CA Aix-en-Provence, 2e ch. civ., 13 mars 1997, n° 93-22641
AIX-EN-PROVENCE
Arrêt
PARTIES
Demandeur :
Yves Saint Laurent Parfums (SA)
Défendeur :
Fusco
COMPOSITION DE LA JURIDICTION
Président :
M. Dragon
Conseillers :
MM. Semeriva, Isouard
Avoués :
SCP Liberas Buvat Michotey, SCP Boissonnet-Rousseau
Avocats :
Mes Di Marino, Ghozland.
Exposé du Litige :
Madame Andrée Fusco, qui exploite un commerce de parfumerie, a été distributeur agréé de la Société Yves Saint Laurent Parfums (la société YSLP). Des litiges sont nés entre elles au sujet de la violation du contrat de distribution et par jugement du 28 novembre 1991, le tribunal de commerce de Nanterre a prononcé diverses condamnations à l'encontre de Madame Fusco pour infraction aux règles de la distribution agréée et notamment a ordonné la publication de son jugement seulement en ce qui concerne Madame Andrée Fusco (il y avait une autre partie) et à ses frais dans trois journaux dont une publication de la région de Marseille, le tout au choix de la société YSLP.

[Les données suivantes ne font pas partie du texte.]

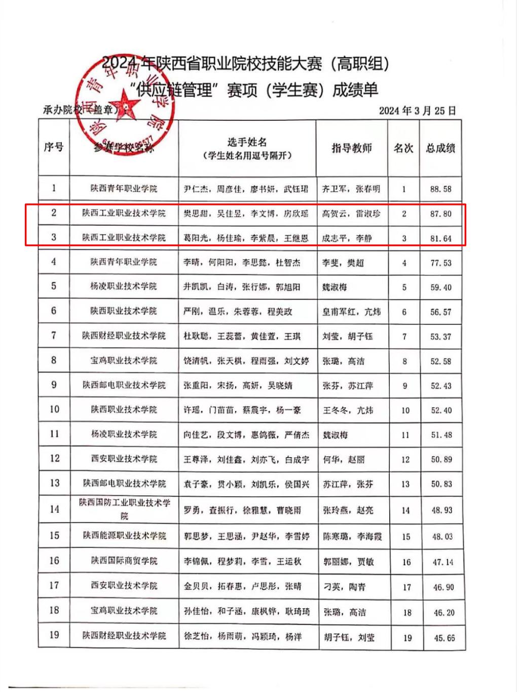 3月25日,2024年陕西省职业院校技能大赛高职组供应链管理赛项在陕西青年职业学院落下帷幕。我校商贸与流通学院现代物流管理专业2022级学生李文博,樊思甜,吴佳煜,房欣瑶组成的参赛队伍(指导老师:高贺云、雷淑珍)获第二名,杨佳瑜,葛阳光,王继恩,李紫晨组成的参赛队伍(指导老师:成志平、李静)获第三名的优异成绩,充分展现了学院在供应链管理领域的卓越实力和教育成果。

Estimant que la manière dont cette publication avait été effectuée dans les journaux Le Provencal et Le Méridional du 13 février 1993 était fautive, Madame Fusco a poursuivi la société YSLP devant le tribunal de commerce d'Aix-en-Provence lequel, par jugement du 1er décembre 1993, après avoir écarté les exceptions de procédure, a condamné cette dernière à payer à son adversaire la somme de 200 000 F de dommages-intérêts outre celle de 7 000 F au titre de l'article 700 du Nouveau code de procédure civile.

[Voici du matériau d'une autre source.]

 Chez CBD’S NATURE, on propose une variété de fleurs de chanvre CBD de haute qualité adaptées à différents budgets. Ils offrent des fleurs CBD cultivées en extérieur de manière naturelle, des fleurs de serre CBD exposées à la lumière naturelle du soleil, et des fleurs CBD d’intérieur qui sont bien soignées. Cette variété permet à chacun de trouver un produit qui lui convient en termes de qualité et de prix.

Le 10 décembre 1993, la société YSLP a interjeté appel de cette décision dont elle sollicite l'infirmation.
Tout d'abord, elle soulève l'incompétence territoriale du tribunal de commerce d'Aix-en-Provence au profit de celui de Nanterre dans le ressort duquel se trouve son siège social ou de celui de Marseille dans le ressort duquel le fait dommageable est subi.
Ensuite, elle demande le renvoi de l'affaire devant la Cour d'Appel de Versailles saisie de l'appel du jugement du tribunal de commerce de Nanterre du 28 novembre 1991, en raison de la connexité entre les deux instances ou le sursis à statuer jusqu'à ce que la Cour d'appel de Versailles se soit prononcée.

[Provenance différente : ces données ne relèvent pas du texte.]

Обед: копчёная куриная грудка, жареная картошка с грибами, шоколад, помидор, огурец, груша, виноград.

En outre, elle se plaint d'une violation du principe du contradictoire par les premiers juges qui ne lui ont pas permis de conclure au fond et de répliquer aux dernières écritures de son adversaire.
Enfin, au fond, elle soutient n'avoir commis aucune faute en procédant à une publication ordonnée par le tribunal car, d'une part, celui-ci n'a pas imposé de limite à la publication, d'autre part, aucune confusion ne peut exister entre cette publication et une publicité commerciale même sous forme rédactionnelle et, de troisième part, cette publication n'entre pas dans le champ de la loi sur la publicité mensongère et ne contient aucune mention fausse. Elle nie aussi l'existence d'un préjudice.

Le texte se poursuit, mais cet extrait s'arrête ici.